A chicken coup: Group seeks to protect rare breeds

ByABC News
April 24, 2009, 10:31 PM

FRESNO, Calif. -- At about the time Foghorn Leghorn appeared on the Looney Toons drawing board in 1946, he began disappearing from America's dinner tables.

Now the bird on which the rooster cartoon character was modeled is among 66 types of old-fashioned chickens the North Carolina-based American Livestock Breeds Conservancy is trying to save from extinction as factory-raised cross varieties command 90% of the market.

"When we can identify something in danger, we need to protect it," says Barbara Bowman of Sonoma County, an original board member of Slow Food USA who has a dozen of the last 510 Delaware breeding stock chickens in existence. "The old breeds provide really sturdy genetics that we have to guard."

Since the arrival of industrialized agriculture, more than 95% of vegetables that had been grown in the world have disappeared, according to the Center for Urban Education about Sustainable Agriculture.

America's purebred chickens began a similar decline after World War II, when poultry producers, seeking to hold onto the market gained during wartime beef shortages, participated in the national "Chicken of Tomorrow" contest. The goal: a broad-breasted variety that could be mass produced quickly on minimal feed. A Cornish-Plymouth Rock cross dominates today.

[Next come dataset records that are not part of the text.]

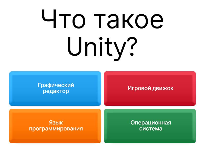 1) Что такое Unity? a) Графический редактор b) Игровой движок c) Язык программирования d) Операционная система 2) Какой язык программирования чаще всего используется в Unity? a) Java b) C# c) Python d) JavaScript 3) Как называется основной файл, где хранятся настройки проекта Unity? a) Project.ini b) Unity.settings c) Config.json d) ProjectSettings (Папка) 4) Какой компонент отвечает за физику объекта в Unity a) Transform b) Collider c) Rigidbody d) Mesh Renderer 5) Как создать новый скрипт в Unity a) ПКМ в Project -> Create -> C# Script b) ПКМ в Hierarchy -> New Script c) Через меню Edit -> New Code d) в Inspector -> Add Script 6) Какой метод вызывается один раз при старте игры в скрипте Unity? a) Update ( ) b) Awake ( ) c) Start ( ) d) Init ( ) 7) Как добавить объект на сцену в Unity a) Через меню File -> New Object b) Нажать Ctrl + N c) в Inspector -> Spawn Object d) ПКМ в Hierarchy -> Create Empty 8) Что делает метод Instantiate ( )? a) Удаляет объект b) Создает копию объекта во время выполнения c) Загружает сцену d) Изменяет цвет объекта 9) Какой компонент позволяет объекту отображаться на сцене? a) Transform b) Collider c) Mesh Renderer d) Rigidbody 10) Как сохранить сцену в Unity a) File -> Save Scene b) Ctrl + S c) Оба варианта верны (File -> Save Scene и Ctrl + S) d) Через меню Edit -> Save Project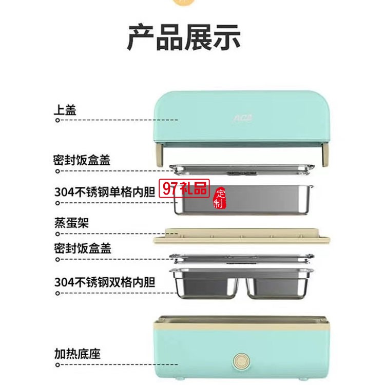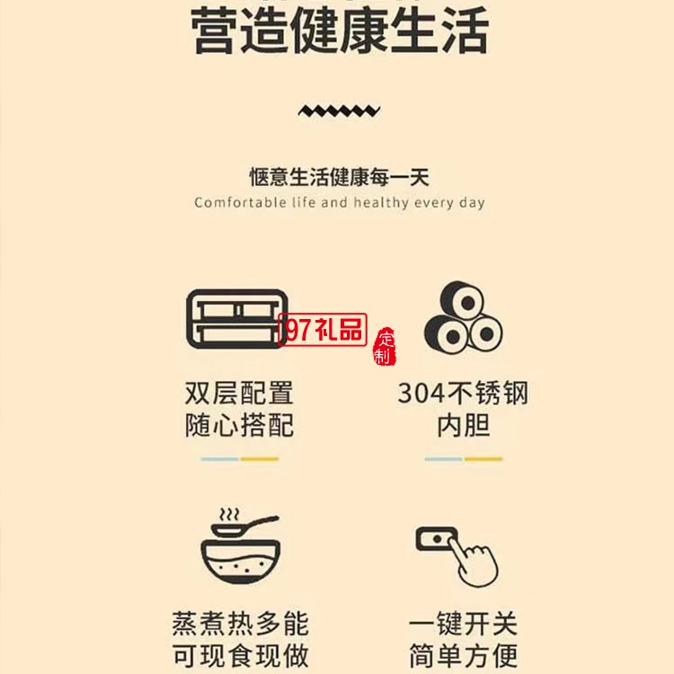 雙層便攜蒸汽飯盒辦公室出差小巧上蒸下煮定制公司廣告禮品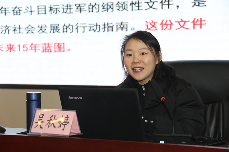 吴秋婷副主任在题为“开启全面建设社会主义现代化国家新征程”报告中,从新阶段与新目标、新理念与新部署、新变化与新格局等三个方面给大家解读了党的十九届五中全会精神。“新阶段与新目标”部分,介绍了我国在决胜全面建成小康社会取得的三大决定性成就,即十三五期间,全面深化改革取得重大突破;经济实力、科技实力、综合国力跃上新的大台阶。在“新理念与新部署”部分,从社会发展、创新发展、统筹发展等角度分别提出了习近平总书记在新时代下对中国共产党人的要求以及我国社会发展必须遵循的基本原则。在“新变化与新格局“部分,强调实现“十四五”规划和2035年远景目标意义重大、任务艰巨,但是前景光明,全党全国各族人民要紧密团结在以习近平同志为核心的党中央周围,同心同德,顽强奋斗,积极响应十九届五中全会对全党全国人民的号召,夺取全面建设社会主义现代化国家的胜利。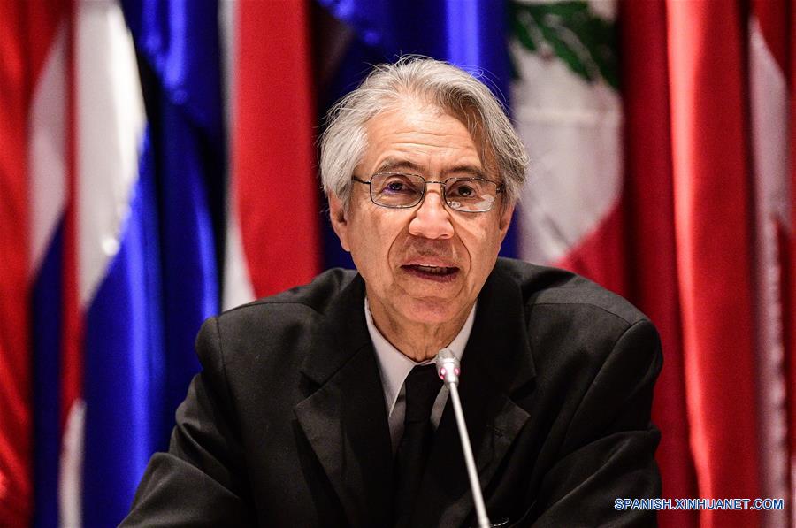SANTIAGO, agosto 14, 2018 (Xinhua) -- El director de la División de Desarrollo Sostenible y Asentamientos de la Comisión Económica para América Latina y el caribe (CEPAL), Joséluis Samaniego, participa durante la inauguración del seminario-taller: "Papel de las Defensorías del Pueblo en la promoción de una minería respetuosa con los derechos humanos y el medio ambiente", en la sede de la CEPAL, en Santiago, capital de Chile, el 14 de agosto de 2018. Expertos se congregaron hoy en la sede de la Comisión Económica para América Latina y el Caribe (CEPAL) en Chile para advertir sobre la "finitud" de los recursos naturales no renovables y realizar un llamado a unificar "las buenas prácticas" en la región, en el marco de una "minería respetuosa". (Xinhua/Jorge Villegas)

Now the Pittsboro, N.C.-based Conservancy hopes to do with chickens what seed banks have done for heirloom vegetables.

"All of the other breeds lost their jobs because they couldn't grow as fast," said Marjorie Bender, the Conservancy's technical program director. "The marketplace only cared about how fast it grew and how big it got."

Unlike chicken bought by the bucketful, certified heritage chickens like the Leghorn must breed naturally, be able to live and forage outdoors, meet certain breed standards and not be genetically modified to grow with abnormally large breasts. If a human baby grew as quickly as a five-week factory fryer, he would weigh 349 pounds by age 2, a University of Arkansas study found.

The group hopes that its "heritage" seal of approval will alert consumers that the chicken or eggs come from birds with unique flavors and characteristics, the way organic labels indicate an absence of pesticides.